**YOUR INSTRUCTIONS:** Without changing a word, copy every line of the listing below and leave out the images.

*** Opening PROVIDED DATA ***

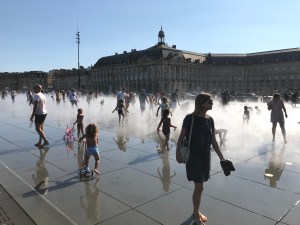 Bordeaux, die Metropole im Herzen der berühmten Weinregion. Vor ein paar Jahren wurde Bourdeaux ein Facelifting verordnet. Statt der mausgrauen Optik der heruntergekommen Altstadtviertel strahlt es heute etwas Heiteres, Beschwingtes aus. Tolle alte Gebäude und pittoreske Plätze treffen auf eine junge, spritzige Dynamik. Wir schlendern die grosse Einkaufsstrasse entlang zum Place de la Bourse. Das neoklassische Ensemble, das mittlerweile UNESCO Kulturerbe ist, begründet Bordeaux‘ Ruf als die zweitschönste Stadt Frankreich – nach Paris versteht sich. Davor befindet sich der «Miroir d’Eau», eine riesige, millimeterdünne Wasserfläche, in der sich die harmonischen Fassaden spiegeln. Bestes Fotomotiv der Stadt!
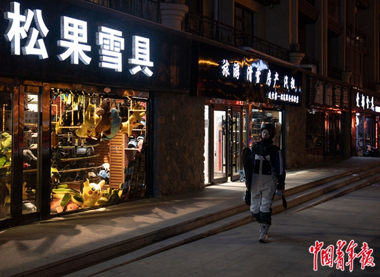 2021年11月20日晚,河北张家口崇礼,一名滑雪者全副武装,走过一整条街的雪具店。中青报·中青网记者 李峥苨/摄
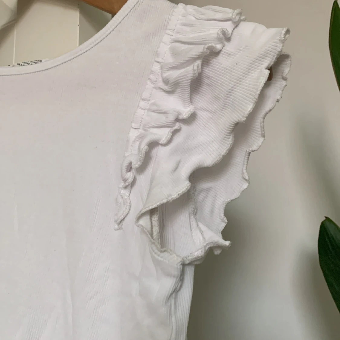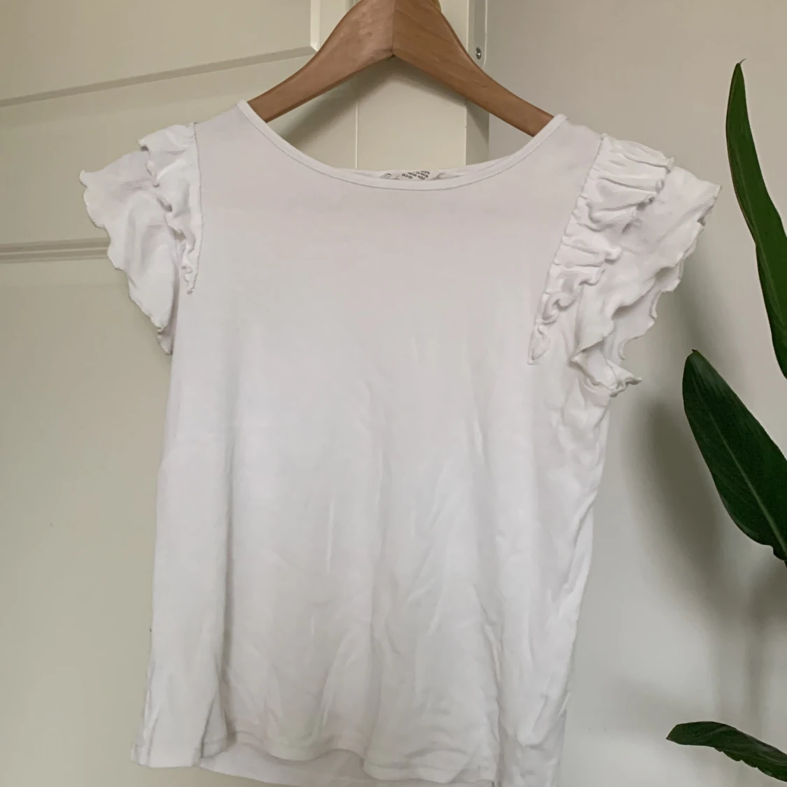 Säljer min vita tröja som är i bra sick🤍 Som har lite flammigt tyg i armarna🤍

*** Closing PROVIDED DATA ***

**WRITTEN ANSWER:**
 Bordeaux, die Metropole im Herzen der berühmten Weinregion. Vor ein paar Jahren wurde Bourdeaux ein Facelifting verordnet. Statt der mausgrauen Optik der heruntergekommen Altstadtviertel strahlt es heute etwas Heiteres, Beschwingtes aus. Tolle alte Gebäude und pittoreske Plätze treffen auf eine junge, spritzige Dynamik. Wir schlendern die grosse Einkaufsstrasse entlang zum Place de la Bourse. Das neoklassische Ensemble, das mittlerweile UNESCO Kulturerbe ist, begründet Bordeaux‘ Ruf als die zweitschönste Stadt Frankreich – nach Paris versteht sich. Davor befindet sich der «Miroir d’Eau», eine riesige, millimeterdünne Wasserfläche, in der sich die harmonischen Fassaden spiegeln. Bestes Fotomotiv der Stadt!
 2021年11月20日晚,河北张家口崇礼,一名滑雪者全副武装,走过一整条街的雪具店。中青报·中青网记者 李峥苨/摄
 Säljer min vita tröja som är i bra sick🤍 Som har lite flammigt tyg i armarna🤍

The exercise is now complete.